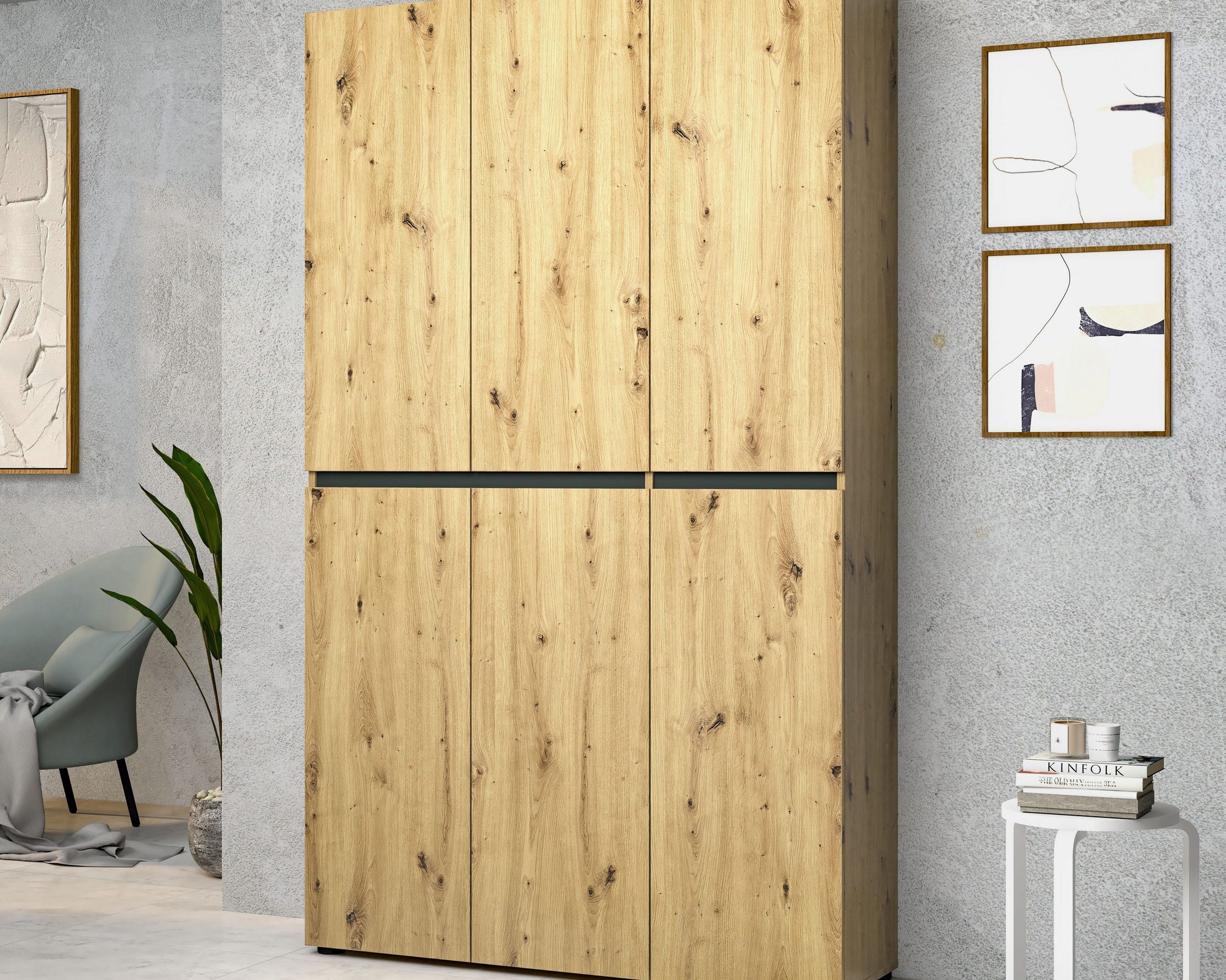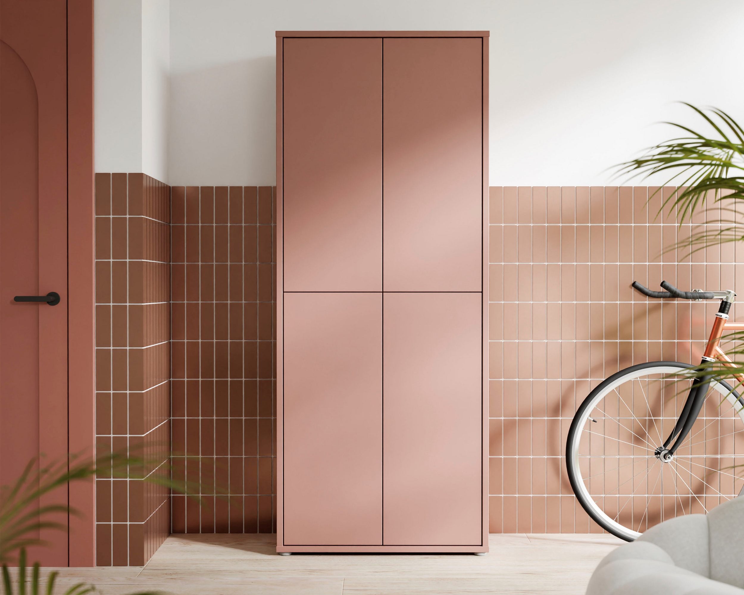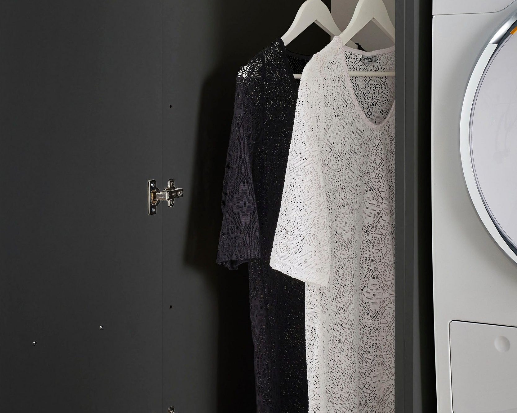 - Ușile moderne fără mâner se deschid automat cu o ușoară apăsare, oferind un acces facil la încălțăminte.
---
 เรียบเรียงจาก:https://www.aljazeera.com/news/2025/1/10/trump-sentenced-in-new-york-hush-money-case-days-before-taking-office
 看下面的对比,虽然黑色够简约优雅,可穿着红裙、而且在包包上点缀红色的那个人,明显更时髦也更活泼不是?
...
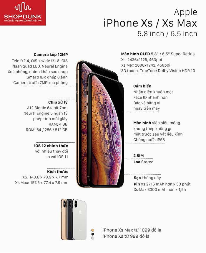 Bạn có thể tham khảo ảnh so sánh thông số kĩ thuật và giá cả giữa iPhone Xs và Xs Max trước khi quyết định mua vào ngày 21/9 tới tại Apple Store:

Instructions for the task →
Set down only the lines above that fall between the line holding "เรียบเรียงจาก:https://www.al" and the line holding "看下面的对比,虽然黑色够简约", inclusive, keeping each exact.

Answer to this task →
 เรียบเรียงจาก:https://www.aljazeera.com/news/2025/1/10/trump-sentenced-in-new-york-hush-money-case-days-before-taking-office
 看下面的对比,虽然黑色够简约优雅,可穿着红裙、而且在包包上点缀红色的那个人,明显更时髦也更活泼不是?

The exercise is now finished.